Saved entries

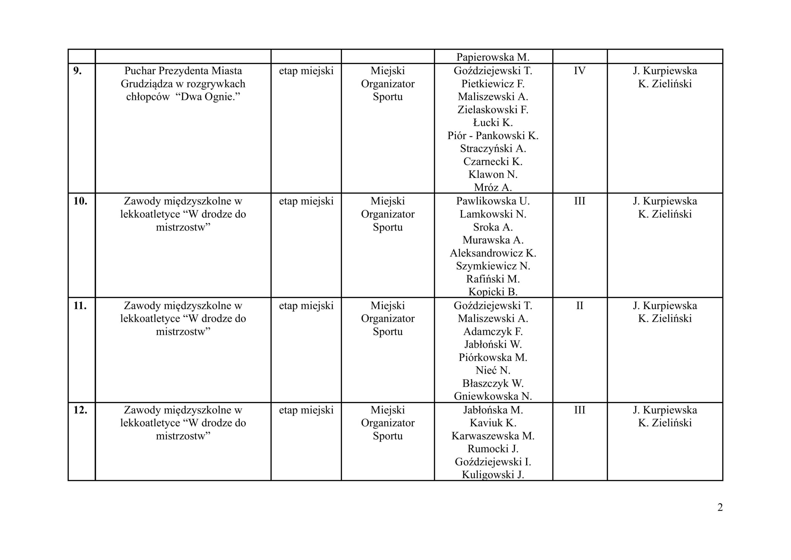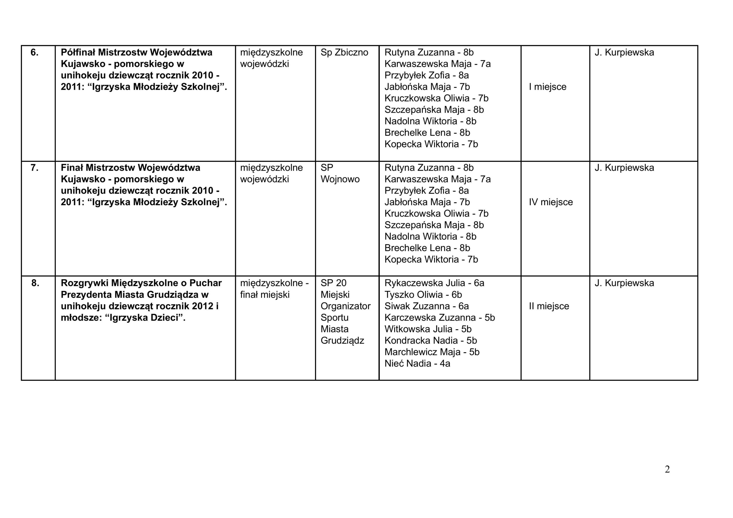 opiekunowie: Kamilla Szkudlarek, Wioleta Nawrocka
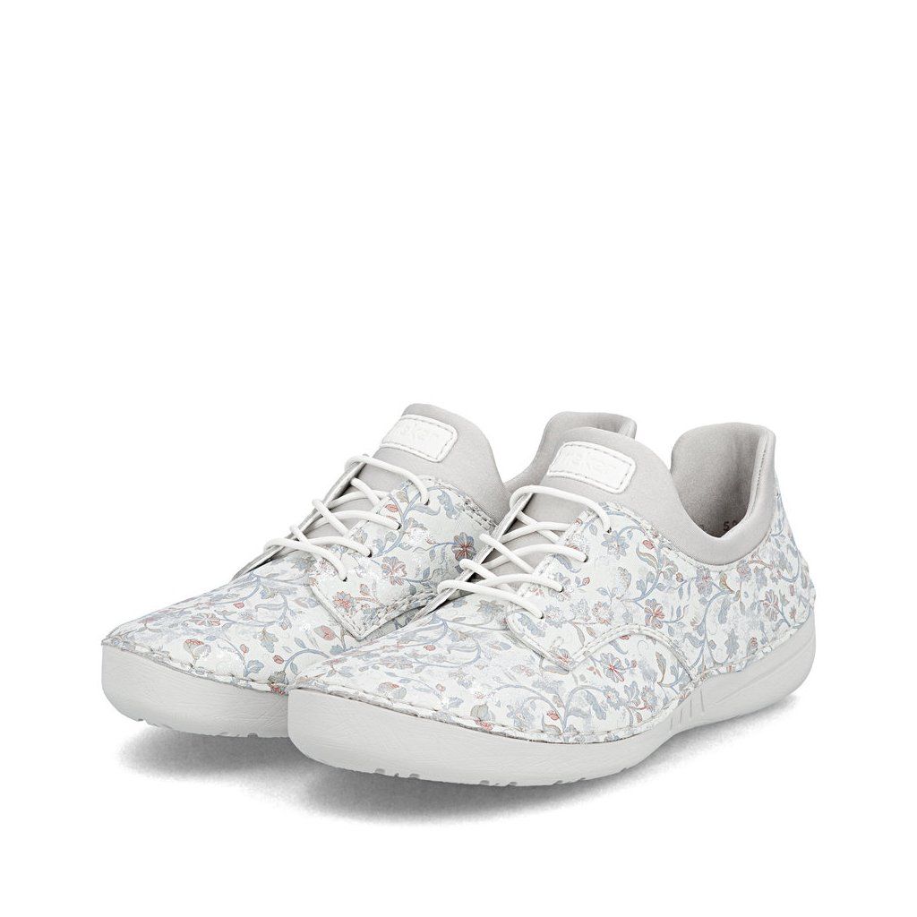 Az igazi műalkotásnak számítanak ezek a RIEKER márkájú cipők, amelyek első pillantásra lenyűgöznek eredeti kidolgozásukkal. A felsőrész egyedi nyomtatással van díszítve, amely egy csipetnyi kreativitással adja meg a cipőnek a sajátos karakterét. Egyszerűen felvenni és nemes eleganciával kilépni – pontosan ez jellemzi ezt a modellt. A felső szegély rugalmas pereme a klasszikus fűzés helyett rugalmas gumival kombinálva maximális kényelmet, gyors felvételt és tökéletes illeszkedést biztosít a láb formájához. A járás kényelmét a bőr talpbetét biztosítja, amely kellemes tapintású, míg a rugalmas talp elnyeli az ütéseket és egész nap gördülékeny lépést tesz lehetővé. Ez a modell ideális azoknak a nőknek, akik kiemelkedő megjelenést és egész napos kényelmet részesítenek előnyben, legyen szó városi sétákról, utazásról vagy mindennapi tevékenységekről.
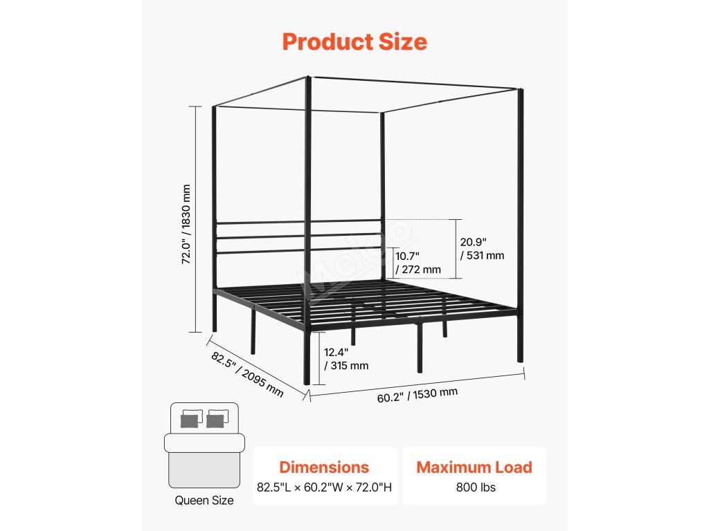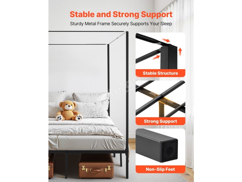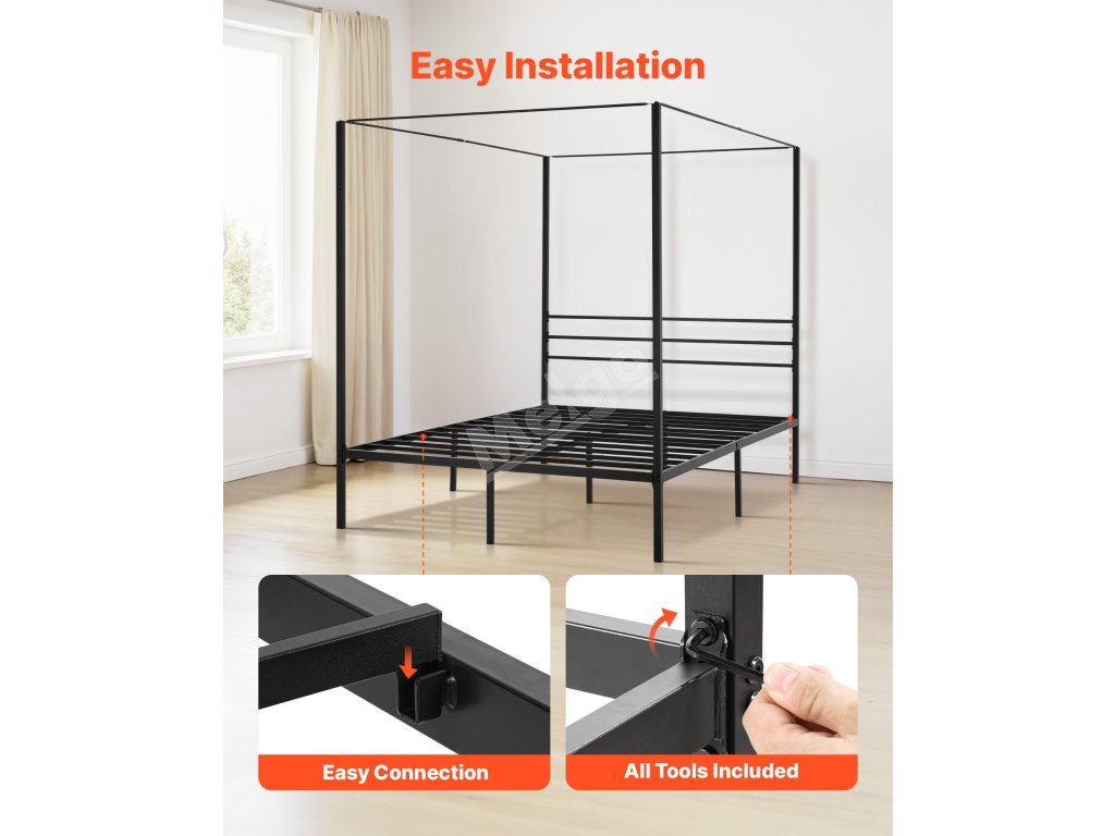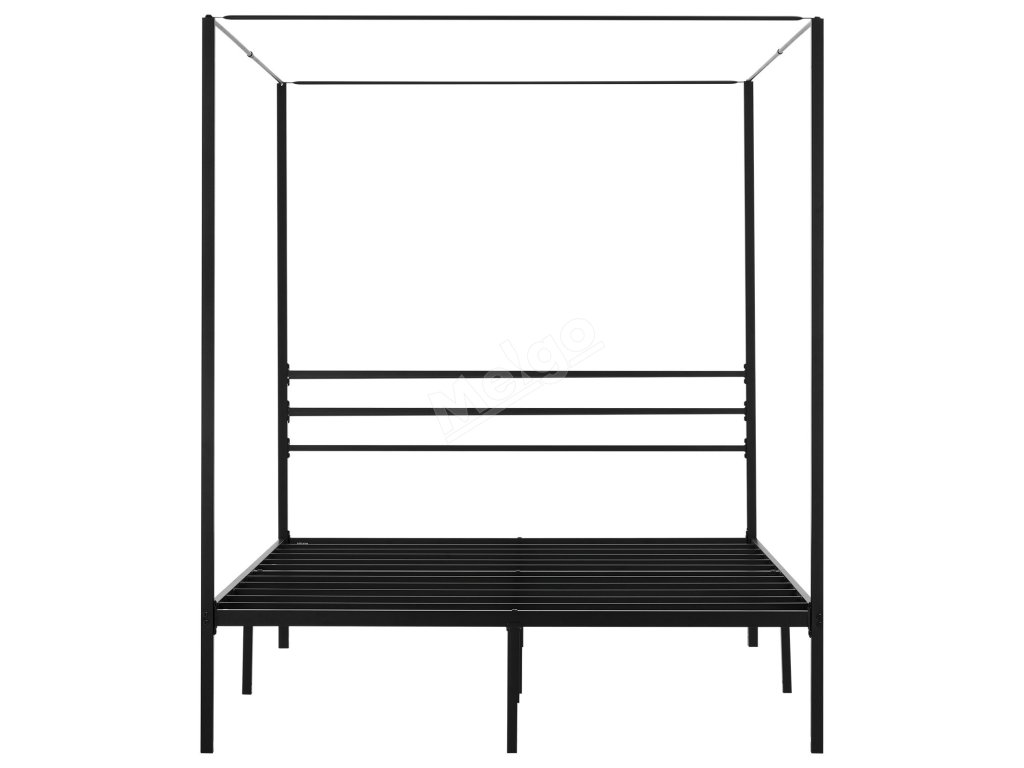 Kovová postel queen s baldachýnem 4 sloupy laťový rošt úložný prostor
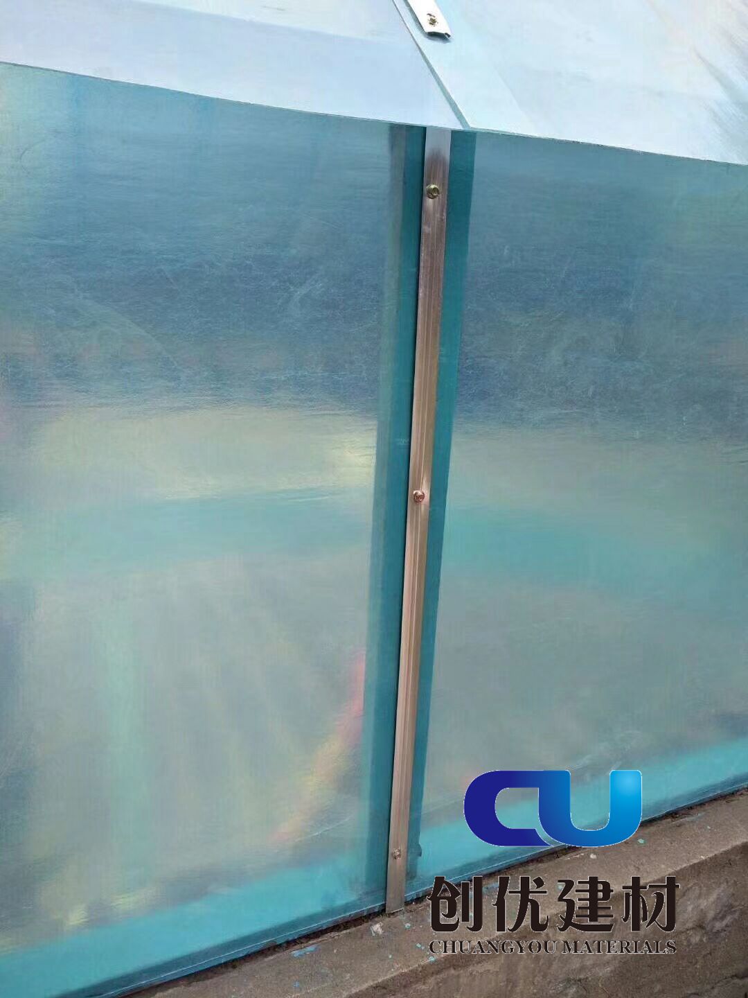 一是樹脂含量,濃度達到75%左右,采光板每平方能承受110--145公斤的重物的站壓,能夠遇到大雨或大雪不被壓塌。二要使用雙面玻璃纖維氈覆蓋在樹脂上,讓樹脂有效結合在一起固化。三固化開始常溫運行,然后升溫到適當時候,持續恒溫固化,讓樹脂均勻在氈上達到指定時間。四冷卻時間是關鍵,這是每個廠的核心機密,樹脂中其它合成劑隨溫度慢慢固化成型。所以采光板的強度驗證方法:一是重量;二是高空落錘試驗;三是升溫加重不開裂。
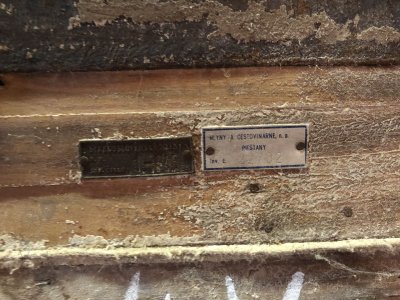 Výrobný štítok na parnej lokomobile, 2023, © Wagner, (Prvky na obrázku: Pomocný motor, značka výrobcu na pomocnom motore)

> _ACTION ITEM_
The result should hold only the lines from the line with "Az igazi műalkotásnak" through the final line of the records above, copied exactly, with pictures left out.

> _RESPONSE AREA_
 Az igazi műalkotásnak számítanak ezek a RIEKER márkájú cipők, amelyek első pillantásra lenyűgöznek eredeti kidolgozásukkal. A felsőrész egyedi nyomtatással van díszítve, amely egy csipetnyi kreativitással adja meg a cipőnek a sajátos karakterét. Egyszerűen felvenni és nemes eleganciával kilépni – pontosan ez jellemzi ezt a modellt. A felső szegély rugalmas pereme a klasszikus fűzés helyett rugalmas gumival kombinálva maximális kényelmet, gyors felvételt és tökéletes illeszkedést biztosít a láb formájához. A járás kényelmét a bőr talpbetét biztosítja, amely kellemes tapintású, míg a rugalmas talp elnyeli az ütéseket és egész nap gördülékeny lépést tesz lehetővé. Ez a modell ideális azoknak a nőknek, akik kiemelkedő megjelenést és egész napos kényelmet részesítenek előnyben, legyen szó városi sétákról, utazásról vagy mindennapi tevékenységekről.
 Kovová postel queen s baldachýnem 4 sloupy laťový rošt úložný prostor
 一是樹脂含量,濃度達到75%左右,采光板每平方能承受110--145公斤的重物的站壓,能夠遇到大雨或大雪不被壓塌。二要使用雙面玻璃纖維氈覆蓋在樹脂上,讓樹脂有效結合在一起固化。三固化開始常溫運行,然后升溫到適當時候,持續恒溫固化,讓樹脂均勻在氈上達到指定時間。四冷卻時間是關鍵,這是每個廠的核心機密,樹脂中其它合成劑隨溫度慢慢固化成型。所以采光板的強度驗證方法:一是重量;二是高空落錘試驗;三是升溫加重不開裂。
 Výrobný štítok na parnej lokomobile, 2023, © Wagner, (Prvky na obrázku: Pomocný motor, značka výrobcu na pomocnom motore)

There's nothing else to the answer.